STOCK PURCHASE AGREEMENT
This STOCK PURCHASE AGREEMENT (this “Agreement”) is made and entered into as of September 5, 2014, by and among Capital Preservation Holdings, LLC, a Delaware limited liability company (the “Buyer”), and David Edell (“Edell”) and Ira Berman (“Berman” and, together with Edell, the “Sellers” and each, individually, a “Seller”).
BACKGROUND
A.    Each Seller owns the number of shares of Common Stock, par value $0.01 per share, of CCA Industries, Inc., a Delaware corporation (the “Company,” and such stock, “Common Stock”), and shares of Class A Common Stock, par value $0.01 per share, of the Company (“Class A Common Stock” and, together with Common Stock, “Company Common Stock”), in each case set forth next to such Seller’s name on Exhibit A attached hereto.
B.    The Sellers wish to sell to the Buyer, and the Buyer wishes to acquire from the Sellers, the number of shares of Common Stock and Class A Common Stock next to the applicable Seller’s name on Exhibit A, in each case in the manner contemplated by Section 1.1 and all upon the terms and subject to the conditions set forth herein.
For good and other valuable consideration hereinafter set forth, the receipt and sufficiency of which are hereby acknowledged, the parties hereto, intending to be legally bound, hereby agree as follows:
ARTICLE I
AGREEMENT TO SELL AND PURCHASE
Section 1.1    Sale and Purchase of Shares. Subject to the terms and conditions hereof, at the Closing: (a) each Seller hereby sells, conveys, transfers and assigns the (i) shares of Common Stock (the “Purchased Common Shares”) identified as Purchased Common Shares next to such Seller’s name on Exhibit A and (ii) shares of Class A Common Stock (the “Purchased Class A Common Shares” and, together with the Purchased Common Shares, the “Purchased Company Shares”) identified as Purchased Class A Common Shares next to such Seller’s name on Exhibit A, in consideration for the purchase price for the Purchased Company Shares set forth on Exhibit A next to such Seller’s name, and (b) the Buyer hereby acquires from such Seller the number of Purchased Company Shares next to such Seller’s name on Exhibit A in consideration for the purchase price as described above.
ARTICLE II    
CLOSING OF SALE AND PURCHASE
Section 2.1    Closing.

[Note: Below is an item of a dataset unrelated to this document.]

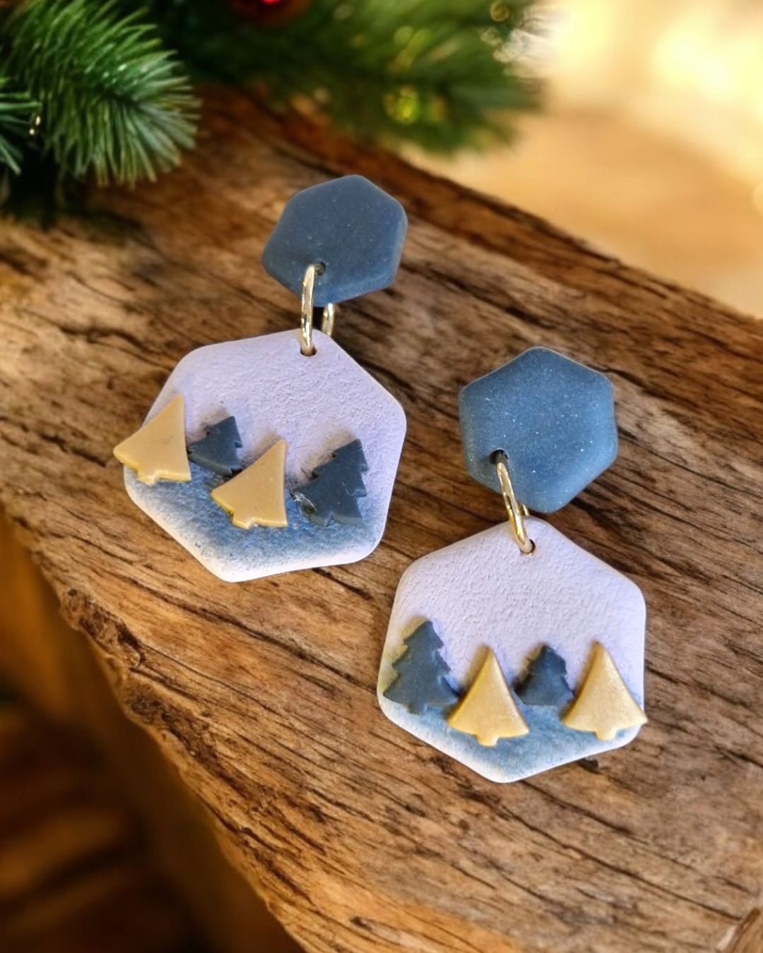 Ces boucles d’oreilles évoquent le reconfort d’une promenade hivernale : des sapins dorés et vert se dessinent en relief sur un fond beige texturé. Une création douce, poétique et chaleureuse, parfaite pour accompagner la saison froide ou simplement nourrir ton amour des ambiances de nature & magie.

The closing of the sale and purchase of the Purchased Company Shares pursuant to this Agreement (the “Closing”) shall take place at the offices of Drinker Biddle & Reath LLP, 105 College Road East, Princeton, New Jersey 08542 on the date of execution and delivery of this Agreement by the parties hereto (such date is hereinafter referred to as the “Closing Date”).





Section 2.2    Closing Deliveries by the Sellers. At the Closing, subject to the terms and conditions hereof, each Seller shall deliver, or arrange to be delivered, to the Buyer:
(a)    stock certificates representing such Seller’s Purchased Shares together with fully-executed stock powers;
(b)    a resignation letter, duly executed by David Edell and Drew Edell, pursuant to which each such person is resigning from the Board of Directors of the Company; and
(c)    Letter Agreements, attached hereto as Exhibit B, duly executed by such Seller and the other parties thereto.
Section 2.3    Deliveries by the Buyer. At the Closing, subject to the terms and conditions hereof, the Buyer shall deliver to each Seller the wire transfer of immediately available funds in the amount set forth on Exhibit A.
Section 2.4    Consummation of Transactions. All acts, deliveries and confirmations comprising the Closing, regardless of chronological sequence, shall be deemed to occur contemporaneously and simultaneously upon the occurrence of the last act, delivery or confirmation of such Closing and none of such acts, deliveries or confirmations shall be effective unless and until the last of the same shall have occurred or shall have been validly waived in accordance herewith.
ARTICLE III    
REPRESENTATIONS AND WARRANTIES OF THE SELLERS
Each Seller hereby represents and warrants to the Buyer, severally as to himself and not jointly with the other Seller, as follows:
Section 3.1    Requisite Power. Such Seller has all requisite right, power and authority to execute and deliver this Agreement and any other agreements, documents and instruments to be delivered by such Seller that are contemplated herein or delivered pursuant hereto and to carry out their respective provisions.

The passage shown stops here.